Reps. Erik Paulsen (R.-Minn.) and Jackie Walorski (R-Ind.), both of whom sit on the influential House Ways and Means Committee, introduced a bill last month to extend the temporary ban on the medical device tax for five years.
The tax places a 2.3 percent sales tax on gross receipts for medical devices like X-ray and MRI machines, pacemakers, and surgical instruments. After its introduction in 2013, the tax came under fire from medical device makers, hundreds of which are based in Minnesota. The industry has spent millions lobbying against the tax, and Republicans in Congress rewarded the effort by implementing a moratorium on it from 2016 through the end of last year.
The tax has come under fire from both sides of the aisle, but Democrats fear that repealing the tax could open the door to undoing the entirety of Obamacare.
Paulsen, meanwhile, has said that a full repeal of the tax is his “top priority” in 2018. Since 2016, he argues, medical device companies have expanded their operations significantly enough to justify a permanent repeal.
But much of this expansion is in Japan, Europe, and elsewhere overseas.
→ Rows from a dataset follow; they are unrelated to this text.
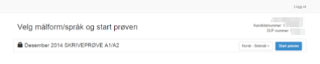 Når alle er logget inn klikker de på skriveprøven, velger målform og klikker deretter på Start prøven.
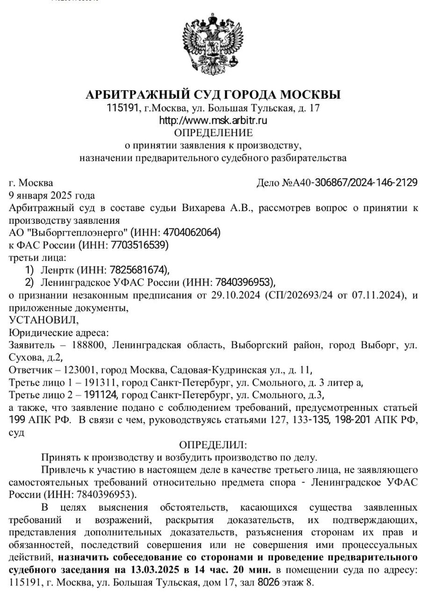 13 марта в Москве пройдёт суд между Выборгтеплоэнерго и Федеральной антимонопольной службой (ФАС). Цена иска - более 100 млн.руб. Это часть тех денег которые Выборгтипоэнерго увеличил жителям Выборгского района по мошеннеческим схемам.
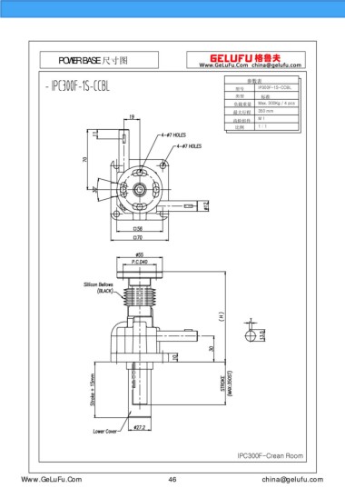 POWER BASE 尺寸圖 參數(shù)表 型號 IP300F-1S-CCBL 類型 標準 負載重量 Max. 300Kg / 4 pcs 最大行程 350 mm 齒輪組件 M 1 比例 1 : 1 IPC300F-Crean Room m.eghtebas.com 46 china@gelufu.com
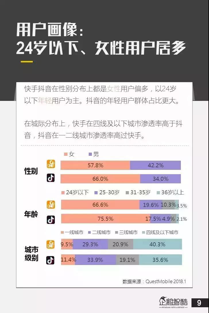 其實,無論是快手還是抖音,女性用戶的群體,都是要遠遠大于男性用戶的。年齡在24歲以下的年輕一代也占據(jù)60%~70%數(shù)量,這樣的優(yōu)勢可以說是巨大的。
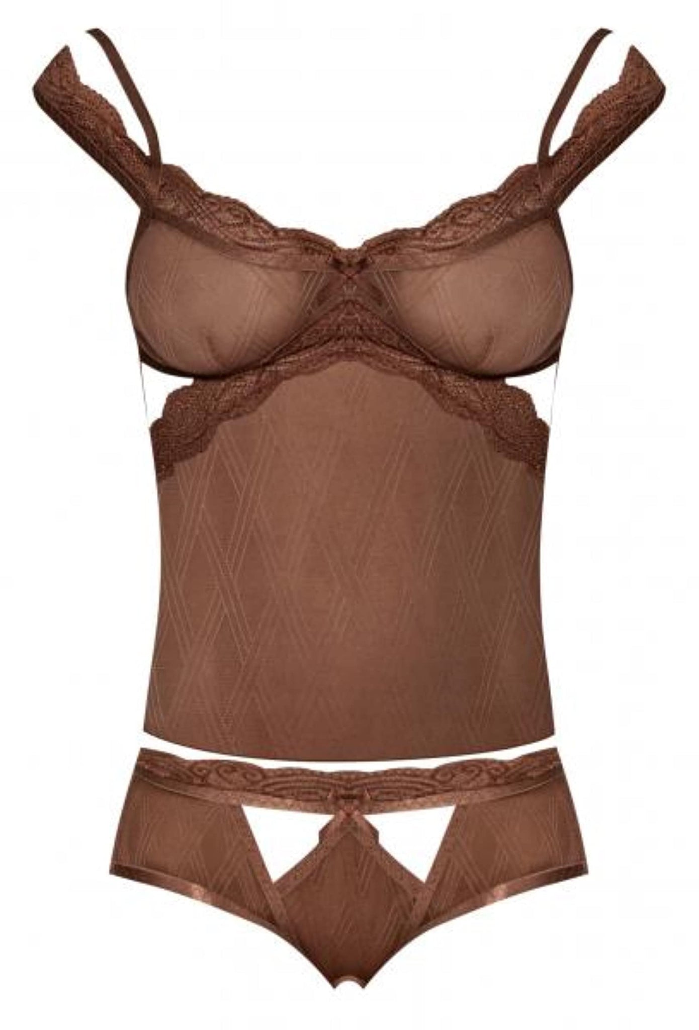 From The Exposed By Magic Silk Collection This Style Includes: A Cami Featuring Cutout Designs On Each Side Lace Trim In The Front And Sides Adjustable Shoulder Straps With Gold-Tone Sliders In A Lace And Elastic 2-Strap Design On Each Side And A Matching Crotchless Lace-Trimmed Panty With A Peek-A-Boo Design In The Front In A Boyshort Style. BrBrStretchy Jacquard Mesh And Soft Lace In Caramel With Sleek Gold Metal Hardware.
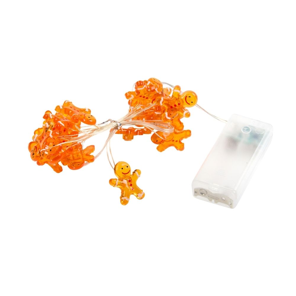 Add a sweet touch of Christmas charm with the Three Kings Gingerbread String Lights. This delightful set of 20 LED lights features cheerful gingerbread men that create a warm, festive glow perfect for kitchens, mantels, or shelves. Ideal for adding a playful twist to your seasonal décor, these battery-operated lights are easy to place anywhere in your home. A fun and cosy choice that brings festive warmth to any room.
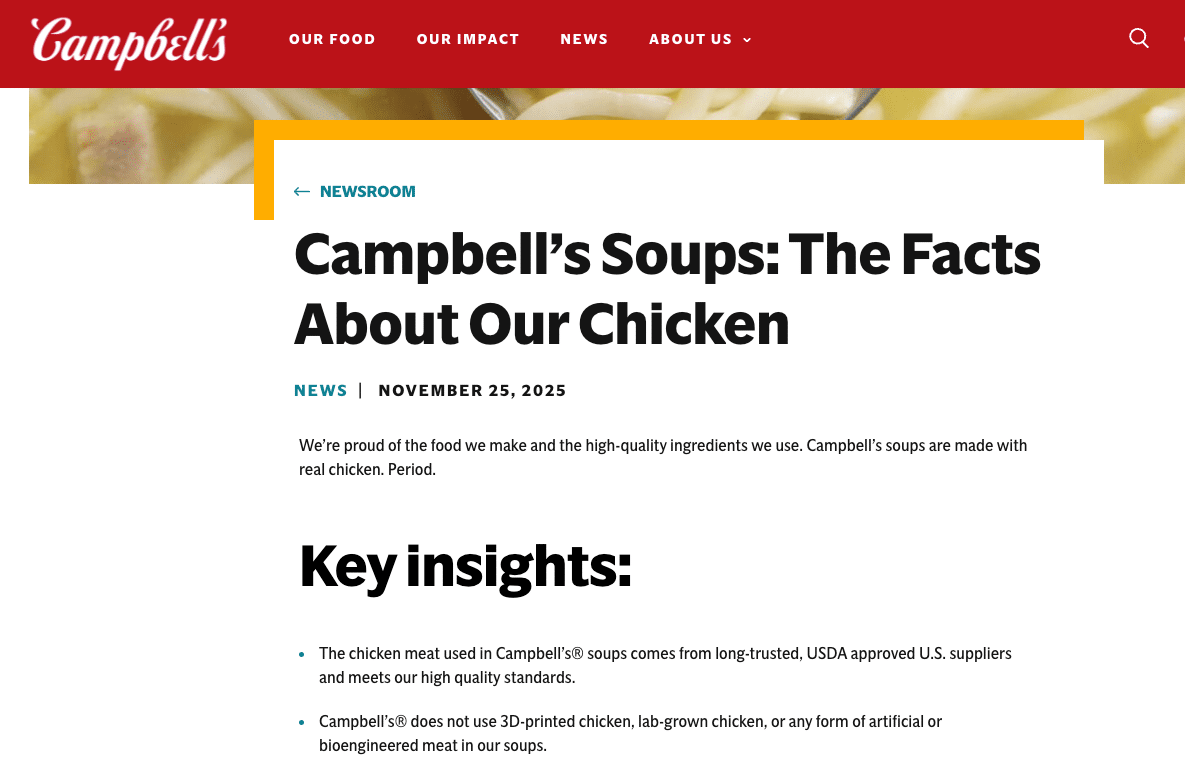 The page clearly states that the reporting was false and clarifies the correct ingredient sourcing for Campbell’s Soups. The page is clean, simple, and well-structured using an FAQ format which can help influence how Google and LLMs understand and present the story to consumers.

Moreover, many medical device manufacturers did a brisk business even while the tax was in effect. Twin Cities-based Medtronic, for instance, grossed about $3.5 billion in both 2013 (when the tax was first introduced) and in 2016 (when the tax was shelved). Zimmer Biomet, a manufacturer of artificial joint orthopedics and dental prostheses based in Indiana, earned an average of $549 million each year that the tax was in effect.
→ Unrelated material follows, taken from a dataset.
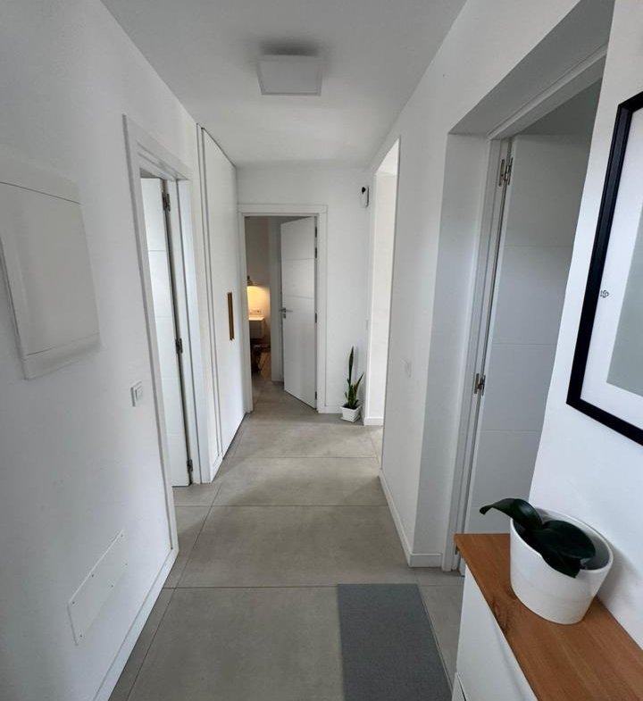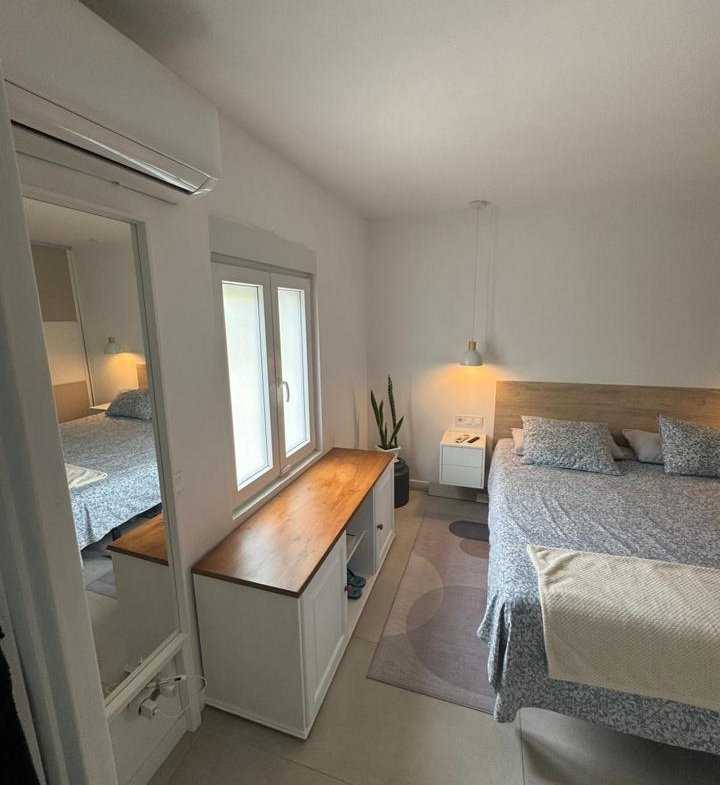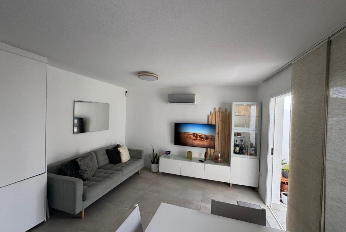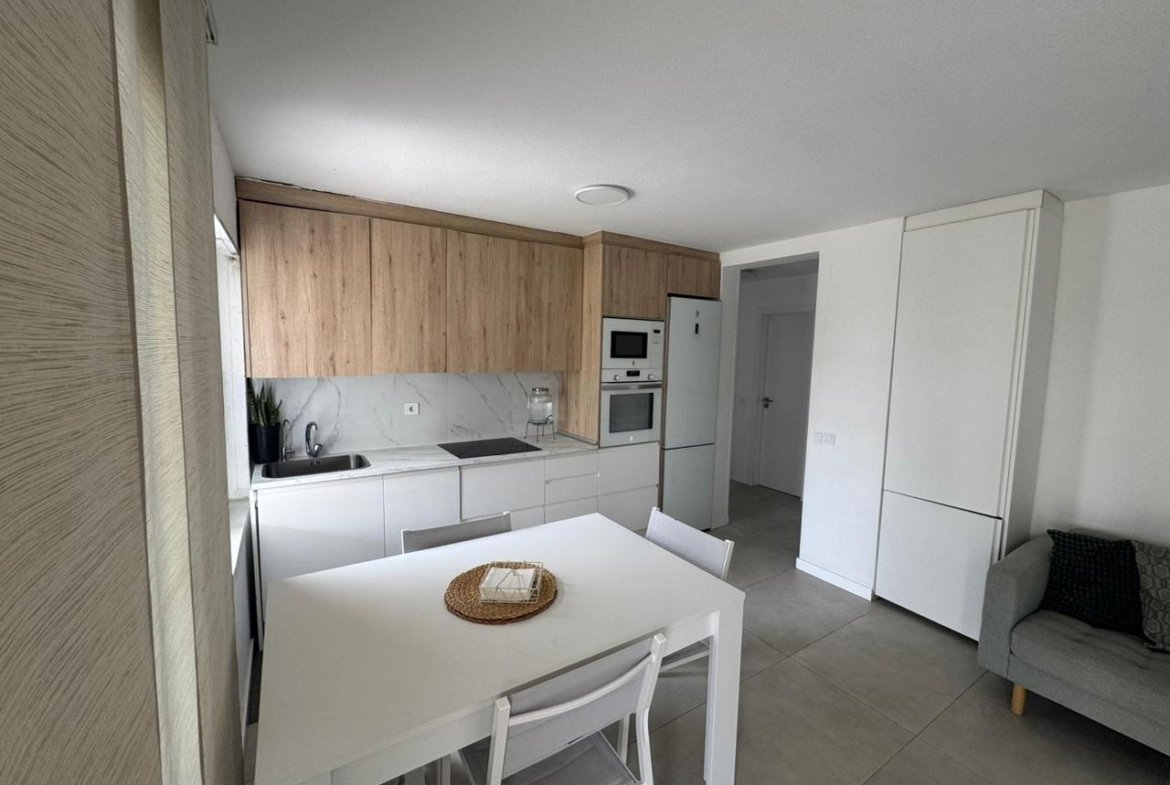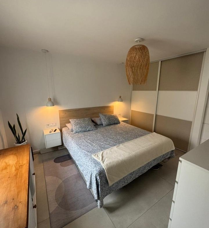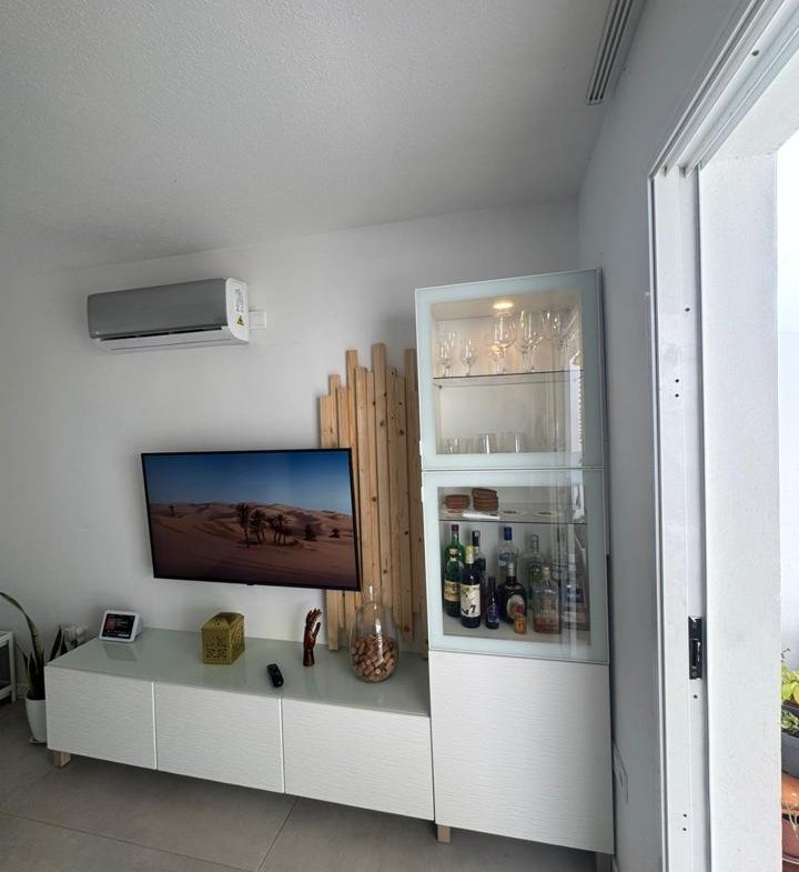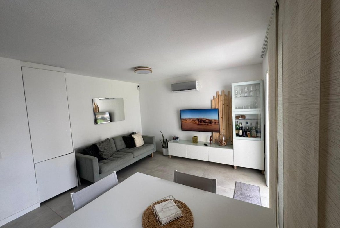 La propiedad cuenta con 2 dormitorios y 2 baños (uno de ellos en suite), cocina abierta totalmente equipada, luminoso salón y una amplia terraza con pérgola bioclimática y zona de comedor exterior. Además, dispone de solárium privado, aire acondicionado en todas las estancias y 2 plazas de aparcamiento frente al apartamento.

Since it’s coupled with the Affordable Care Act, Republicans couldn’t eliminate the medical device tax outright when they drafted their tax-cutting legislation late last year. That frustrated medical device makers, who － despite the nearly 15 percent drop in the corporate tax rate － still want the medical device tax eliminated.
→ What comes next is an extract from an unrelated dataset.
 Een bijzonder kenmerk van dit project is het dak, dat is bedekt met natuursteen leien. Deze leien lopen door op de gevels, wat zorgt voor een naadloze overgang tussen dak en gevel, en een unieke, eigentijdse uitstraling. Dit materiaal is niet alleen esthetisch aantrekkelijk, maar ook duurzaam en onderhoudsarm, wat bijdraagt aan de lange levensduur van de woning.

And how can Paulsen say no? In 2016, Medtronic was the second-largest donor to his campaign committee, and the Center for Diagnostic Imaging was among his top donors in the 2014 midterms. Since taking office, Paulsen has collected nearly $1.8 million from the pharmaceutical industry, makers of health products, and health professionals.
During the three years it was collected, the medical device tax brought over $5 billion to federal coffers. An analysis from the Joint Committee on Taxation found that a full repeal would cost the U.S. $20 billion over a decade. Those lost revenues will follow on the $135 billion hole the GOP’s tax plan will blow in this year’s budget and the estimated $280 billion shortfall in government revenues the tax plan is expected to incur next year.